Я увидел впереди такую же толпу, как в Третьей больнице. Она стеной стояла между двухэтажными домами и так же волновалась и шевелилась, в ожидании какого-нибудь события, вроде нашего с Укропычем запуска в космос.

«Ого, – перепугался я, что снова окажусь в центре внимания. – Разве один с такой оравой справлюсь? Как, интересно, Угодник включает свой свет в голове? Вот бы мне сейчас такой рубильник».

Папка припарковался у обочины, взвалил задремавшего Сергея на плечо и скомандовал:

– Айда в разведку.

– Может, я один? – предложил я. – А ты машину посторожишь? Я мигом.

– И всё интересное пропустить? Мёртвые с косами. Младенцы спасённые. Или очередь за варёной колбасой, – размечтался отец.

Мы осторожно вклинились в живое людское море и начали продвигаться туда, откуда слышались речи пламенных болельщиков сборной одиннадцатого мира по доверчивости.

– Здесь это было, – услышал я до боли знакомый голос, обещавший этим утром со мной окончательно и бесповоротно разобраться.

От испуга во мне что-то щёлкнуло, и я как обезумевший заверещал в голос:

– Пропустите нас, дяденьки-тётеньки! Мы Насти покойной родственники. Где тут наша Машка, которая ей близняшка? Опять себя за сестру-покойницу выдала? Вот стерва. Добрым людям головы кружит, а со своей не дружит, – вопил я, представляя, что у меня, как у Николая, загорелся в голове хоть маленький, но зато светлый фонарик. – Чего вы тут собрались? Война скоро? А спички купили? А соль с сахаром? Дайте мне с папкой дорогу. И где там Настин муженёк?

– Уймись, – хохотал папка, будто я только для него затеял этот концерт. – Сраму с тобой не оберёшься.

– Где этот ирод царя небесного? – причитал я, подстёгиваемый изнутри. – Покажите его рожу. Ща папка её начистит. Век помнить будет. Где Маша, радость наша? Пусть вернёт её папке. Он же тоскует по ней, как по колбаске по рубль двадцать.

Папка давился со смеху, а вот народ сначала косился на моё умалишённое выступление, а потом, увидев хохотавшего и тосковавшего по колбасе дядьку с ребёнком на руках, разочарованно вздыхал и начинал расходиться.

Я, как настоящий артист, деловито вышагивал по освобождавшейся впереди дорожке в сторону панельной пятиэтажки, стоявшей в окружении низкорослых двухэтажных сестёр, и приговаривал:

– Ну, дура баба. Дура. Папка тоже хорош. Женился на старости лет. Вот Настюха, та была умница, а её сестра Машка – форменная балда. Но родила батьке Серёжку и любит он её за это до беспамятства.

Папка шёл сзади и пытался всем объяснить, что я у него не сумасшедший, а на меня просто что-то нашло. Народ от таких объяснений еще больше прибавлял шагу и, кто перекрестившись, а кто плюнув с досады, расходился и разбредался, втолковывая особо непонятливым и пока ещё толпившимся, что всё это наша полоумная семейка устроила, и никакого чуда не было.

После такого их ничем нельзя было удержать, и я намётанным глазом оценил то, что натворил, сам от себя не ожидая.

– Ты зачем врал про Машу – радость нашу? – догнал меня папка, когда я уже, задрав голову, разглядывал в наступивших сумерках разбитое окно второго подъезда пятиэтажки.

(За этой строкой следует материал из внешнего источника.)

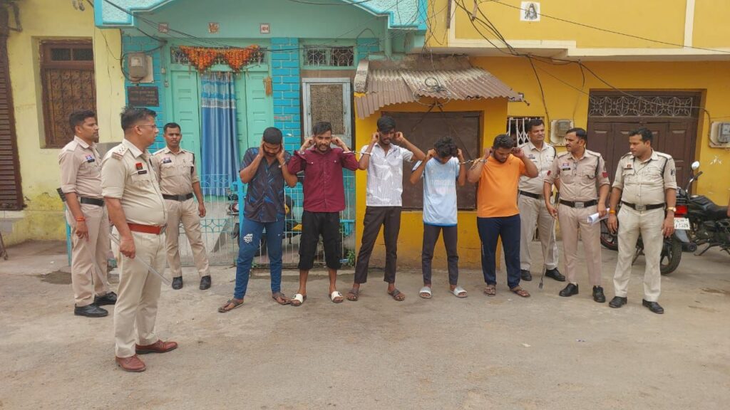 मामले का संक्षिप्त विवरण इस प्रकार है कि थाना सिटी कोतवाली में अशोक गुप्ता ने रिपोर्ट रिपोर्ट दर्ज कराया दिनांक 23/5/2025 को उसका लड़का शेखर गुप्ता रात करीबन 10/30 बजे ऑफिस से अपने घर कतिया पारा वापस आया तो उसके घर के सामने कुछ लड़के खड़े थे। गाड़ी को किनारे करने को बोला तो उसी बात को लेकर. राहुल सिह, मिथिलेश सिह और शुभम ने शेखर गुप्ता से गाली गलौच करके चले गए। थोड़ी देर बाद राहुल, मिथिलेश, शुभम अपने अन्य साथियो के साथ हाथ में डंडा लाठी लेकर आए और उसके घर अंदर घुस गए। आरोपियों ने अश्लील गाली-गलौज कर जान से मारने की धमकी देते हुए लाठी, डण्डा, हाथ मुक्का से मारपीट करने लगे। राहुल सिंह ने चाकू दिखाकर जान से मारने की धमकी दी। आरोपियों के द्वारा घर घुसकर मारपीट करने से अशोक गुप्ता और उसके पुत्र शेखर गुप्ता को चोट आयी है। जिनका सिम्स अस्पताल बिलासपुर में इलाज चल रहा है। रिपोर्ट के बाद थाना सिटी कोतवाली में अपराध धारा 333, 296, 115(2), 351(2), 3(5) bns के तहत अपराध दर्ज कर विवेचना की गयी। प्रकरण की गंभीरता को देखते हुए SSP रजनेश सिंह ने थाना प्रभारी को तत्काल कार्यवाही के निर्देश दिए। अतिरिक्त पुलिस अधीक्षक राजेन्द्र जायसवाल, नगर पुलिस अधीक्षक अक्षय प्रमोद सभद्रा के मार्गदर्शन में आरोपियों की गिरफ्तारी के लिए तत्काल टीम बनाकर आरोपियों के घर पर दबिश दी। आरोपी राहुल, शुभम सोनी, मिथिलेश सिह, रोहन साहू, काव्यांशु विनोदीया को घटना के 2 घण्टे के अंदर पकड कर हिरासत में लिया गया और पूछताछ की गयी। आरोपियों ने अपना जुर्म स्वीकार कर लिया और उनकी निशानदेही पर डण्डा, चाकू एवं अपराध में प्रयुक्त मोटर सायकिल, स्कूटी को जप्त कर लिया गया है। इसके बाद आरोपियों को घटना स्थल पर मुर्गा बनाया गया और कतियापारा, गांधी चौक में जुलूस निकाला गया। आरोपियों को गिरफ्तार कर न्यायिक रिमांड के लिए भेजा गया है। प्रकरण के अन्य फरार आरोपियों का पता तलास किया जा रहा है।

– Как брат твой просил, так я и пел. Лучше смотри, откуда тётки выпрыгнуть готовы, чтобы детей своих спасти.

– Что мелешь? Ты же сказал… Или я чего-то недопонял? А ну, признавайся, зачем балаган устроил?

– Так надо было. Чтобы все разбрелись и не сошли с ума. А Настю мы спасём. Домой вернём в лучшем в мире гипсе. Дядька Колька обещал, братец твой, – проговорился я снова.

– А мы тут что делаем? – спросил родитель.

– Смотрим, как тут всё устроено, чтобы мне не напутать потом. Я же с этим делом не меньше недели куковать буду.

– Не подскажете, что тут случилось? – спросил папка у хоккеистки, всё ещё стоявшей у злосчастного подъезда, как вратарь на воротах. – Мой старший говорит, что здесь чудо материнства было?

– Мы тоже так думали, – подтвердила бабулька, оказавшаяся соседкой Настиного мужа. – Настю-то мы схоронили год назад, а про сестру и слыхом не слыхивали. Наверно, стеснялась её, раз она у вас убогонькой оказалась и из окон выскакивает.

– Это всё мой пострел только что выдумал. Что тут на самом деле было? – не поверил отец первейшему очевидцу, на которого уже подействовал светом мой фонарик, или моя байка про сестру покойной в этом мире Насти.

– Димка игрался на детской площадке и зацепился, или ещё что, а только ваша Маша вынесла головой окошко в подъезде и накинулась на него как коршун. А он малец ещё совсем. Чуть вашего грудного постарше. Ноги она себе повредила и руки, и лицо в кровь. Полоумная, что с неё взять. И ревела белугой, что сыночка спасла. А он перепугался и закричал, что мамка с того света вернулась. Тут и мы, дуры, вой подняли, потом мужа её позвали. И всё завертелось. Только Витька своего Димку в охапку и ходу из дома. До сих пор не знаем, где прячутся. А вы, случаем, не знаете? Их квартира нараспашку осталась, – доложила папке, а заодно мне, очевидица Настиного воскрешения.

– Не знаю я ничего, – открестился папка. – Где же она сейчас?

– Настя на кладбище, а ваша в Третьей больнице, – покосилась на папку соседка.

– Хватит с меня, – обиделся отец на обвинительный взгляд бабульки. – Ещё поженят на Маше, потом объясняйся с мамашей. Поехали, заберём её от Черномора и домой. Устал я что-то. И Серёга уже спит вовсю. Поехали, тебе говорят!

Мы вернулись к Москвичу, который стоял и ожидал возвращения домой, в двенадцатый мир.

– Не переживай, – шепнул я автомобилю. – Как чудо-юдо мотоцикл увидишь, так за ним держись.

– С машиной разговариваешь? Бред. Бред! – замахал папка руками, после того, как уложил Серёгу на заднее сиденье.

Мы вырулили на дорогу и помчались за мамкой. Я сидел и внимательно смотрел на Черёмушки, на школу, на улицу Маркова, стелившуюся под колёса своим асфальтом.

Мама уже стояла в условленном месте и пританцовывала, нетерпеливо ожидая нас из похода. Папа резко остановился, взвизгнув тормозами, и через минуту начался допрос, где же нас носило.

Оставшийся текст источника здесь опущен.